A team from Egis and the University of York has been investigating the changing aviation safety risk landscape associated with the advent of autonomous and electric powered vertical take-off and landing (eVTOL) aircraft and drones.
The work was commissioned by the Future Flight (FF) Challenge, a UK Research and Innovation initiative to advance new aviation technologies such as drones, urban air mobility aircraft and hybrid-electric regional aircraft that will transform the way people and goods fly.
The FF challenge is looking at the big picture, not just future aircraft themselves but also the system they fit into, such as ground infrastructure, regulations and the control systems behind safe operations. The aim of this particular study is to de-risk the development of the future aviation system by identifying and proposing solutions to key safety issues early on.
How do you begin this kind of project? The scope is potentially so broad that an essential first step is to agree a framework for moving forwards. We began by enlisting the help of a working group of industry experts – fifteen in total – representing many different types of organisations within the aviation community. Their role was to validate the study outputs at key points throughout the project. We then set out the baseline – a description of today’s system, the actors within it, and the regulatory structure.
To shape the analysis, we developed three future scenarios representing the evolution of the aviation system over different time horizons out to 2035. Each scenario moved the baseline forwards, including a ‘map’ of the expected actors within the aviation system at that point and a description of how the system might be regulated and managed. The scenarios were not meant to be fixed points of development but rather tools to show the evolution of systems and operations.
Within those scenarios, we explored three use cases aligned with the objectives of the wider future flight challenge: Drones, initially remotely piloted but becoming fully autonomous, including drones for delivery, inspection, monitoring or broadcast and drones that perform robotic functions (e.g. repair, crop spraying); Urban Air Mobility (UAM) expanding from today’s helicopter transport to eVTOL aircraft and eventually autonomous air taxis for example; and finally Regional Air Mobility (RAM), larger forms of UAM aircraft accommodating 10 to 100 passengers (or cargo equivalent) and making city-city hops. Similar to UAM, these aircraft will make use of new technologies to reduce the carbon footprint of the vehicle and may include pure or hybrid electric and hydrogen fuel cell forms of propulsion.
Four transversal safety themes.
It was evident that there were some core themes running across all use cases and scenarios that deserved specific attention from a safety management perspective.
1. Safety management of complex systems – The complexity of systems and the role of humans and organisations means that accurate predictive quantitative safety analysis is challenging – and will become even more challenging in the future. This is an emerging area of expertise and one that our study partners from the University of York have been developing alongside the Royal Academy of Engineering and the Lloyds Register Foundation.

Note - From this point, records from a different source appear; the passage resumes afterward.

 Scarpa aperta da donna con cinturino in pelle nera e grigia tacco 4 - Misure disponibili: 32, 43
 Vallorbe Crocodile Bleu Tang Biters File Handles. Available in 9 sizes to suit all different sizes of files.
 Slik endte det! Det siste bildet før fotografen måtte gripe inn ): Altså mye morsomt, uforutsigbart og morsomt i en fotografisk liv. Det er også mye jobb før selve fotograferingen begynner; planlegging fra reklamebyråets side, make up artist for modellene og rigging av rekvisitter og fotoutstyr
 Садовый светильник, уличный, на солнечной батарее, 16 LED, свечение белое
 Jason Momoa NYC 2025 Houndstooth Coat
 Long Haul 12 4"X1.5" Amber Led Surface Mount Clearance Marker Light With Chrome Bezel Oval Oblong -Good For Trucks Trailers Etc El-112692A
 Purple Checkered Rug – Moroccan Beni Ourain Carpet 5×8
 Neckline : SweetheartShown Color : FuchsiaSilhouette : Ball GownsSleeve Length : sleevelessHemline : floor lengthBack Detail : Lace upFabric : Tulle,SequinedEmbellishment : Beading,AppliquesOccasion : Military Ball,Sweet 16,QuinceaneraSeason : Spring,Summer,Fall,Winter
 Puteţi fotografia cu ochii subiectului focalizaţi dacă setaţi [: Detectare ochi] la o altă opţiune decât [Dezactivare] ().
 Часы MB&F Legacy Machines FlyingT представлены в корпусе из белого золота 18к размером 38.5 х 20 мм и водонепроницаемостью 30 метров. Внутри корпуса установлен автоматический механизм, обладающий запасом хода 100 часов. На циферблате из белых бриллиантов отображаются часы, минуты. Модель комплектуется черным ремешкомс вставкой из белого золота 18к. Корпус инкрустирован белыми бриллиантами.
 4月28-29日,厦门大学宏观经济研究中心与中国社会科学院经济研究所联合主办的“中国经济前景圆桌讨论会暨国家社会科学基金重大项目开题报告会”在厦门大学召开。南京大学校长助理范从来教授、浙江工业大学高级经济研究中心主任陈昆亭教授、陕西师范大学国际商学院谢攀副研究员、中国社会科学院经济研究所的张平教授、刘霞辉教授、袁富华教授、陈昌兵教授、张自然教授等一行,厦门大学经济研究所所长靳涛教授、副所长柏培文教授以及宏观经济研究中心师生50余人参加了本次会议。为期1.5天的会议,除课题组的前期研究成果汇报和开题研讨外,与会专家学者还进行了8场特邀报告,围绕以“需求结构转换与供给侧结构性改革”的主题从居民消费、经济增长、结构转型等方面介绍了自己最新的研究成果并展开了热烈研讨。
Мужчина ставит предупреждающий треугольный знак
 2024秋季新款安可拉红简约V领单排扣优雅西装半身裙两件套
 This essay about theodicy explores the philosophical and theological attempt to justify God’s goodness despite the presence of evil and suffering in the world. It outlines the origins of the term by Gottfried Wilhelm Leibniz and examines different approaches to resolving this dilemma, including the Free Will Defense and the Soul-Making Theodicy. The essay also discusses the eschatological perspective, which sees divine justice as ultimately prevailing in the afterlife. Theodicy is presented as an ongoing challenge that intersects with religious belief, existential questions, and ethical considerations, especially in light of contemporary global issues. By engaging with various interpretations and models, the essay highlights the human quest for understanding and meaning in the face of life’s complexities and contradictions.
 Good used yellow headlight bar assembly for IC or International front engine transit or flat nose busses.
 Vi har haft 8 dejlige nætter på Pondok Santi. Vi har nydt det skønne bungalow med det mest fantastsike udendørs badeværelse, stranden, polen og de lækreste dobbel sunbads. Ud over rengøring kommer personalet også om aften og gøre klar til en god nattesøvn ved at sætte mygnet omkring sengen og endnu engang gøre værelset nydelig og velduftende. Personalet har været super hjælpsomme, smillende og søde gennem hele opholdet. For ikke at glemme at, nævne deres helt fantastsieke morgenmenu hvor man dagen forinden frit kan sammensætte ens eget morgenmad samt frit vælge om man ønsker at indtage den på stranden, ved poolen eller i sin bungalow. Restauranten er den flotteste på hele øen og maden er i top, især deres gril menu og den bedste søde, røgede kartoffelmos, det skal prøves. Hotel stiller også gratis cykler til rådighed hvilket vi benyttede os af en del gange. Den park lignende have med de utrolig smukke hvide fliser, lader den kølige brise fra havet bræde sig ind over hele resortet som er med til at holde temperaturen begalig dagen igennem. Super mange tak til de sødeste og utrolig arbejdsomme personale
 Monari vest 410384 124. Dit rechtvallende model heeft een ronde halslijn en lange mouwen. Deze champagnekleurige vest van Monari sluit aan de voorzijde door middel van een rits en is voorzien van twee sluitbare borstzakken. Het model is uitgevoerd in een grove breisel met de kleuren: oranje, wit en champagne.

2. Integrated risk and safety management – There are many participants in the aviation system that together contribute toward safety outcomes. If not well managed, safety objectives within one organisation can be in contradiction with safety objectives in another organisation. Whilst tools already exist for considering risk across organisational boundaries, as new FF service providers join the aviation system it will be important for all participants to understand how their operations might impact aviation safety risks. The theme also includes a broader appreciation of risk across the different risk outcomes (e.g. safety, security, environment) and how they can be managed in a more integrated way.
3. Role of the human and autonomy – Increasing autonomy, the use of artificial intelligence and machine learning will change the role of the human in operations. Humans will oversee autonomous systems in their own organisation and also interact with external autonomous systems. How will humans adapt to this? And how can we ensure that autonomous systems are capable of maintaining control and safely resolving the situation under all failure modes?
4. Supporting infrastructure – Physical and digital infrastructure will need to evolve to meet the FF operations and be resilient to cybersecurity threats. The scenarios envisage the development of ‘vertiports’ and charging infrastructures to accommodate new aircraft. The main challenge perhaps is that there will always be mixed equipage in aircraft and mixed infrastructure. What safety implications are there across such a diverse system of users that at least partially share the same airspace?
Exploring these transversal themes with our working group, the study team has begun to develop a safety case framework, with a particular focus on the strategic aspects of the argument and constructed in the goal structuring notation (GSN) language that is familiar to many safety professionals.
The framework is a means to identify principal activities and tasks necessary to demonstrate that the future aviation system is ‘tolerably’ safe. These activities and tasks can then be used to build a roadmap to develop the safety case in a collaborative and practical manner. We’ll be sharing some of the outputs of this work and actively inviting reader feedback in the weeks ahead!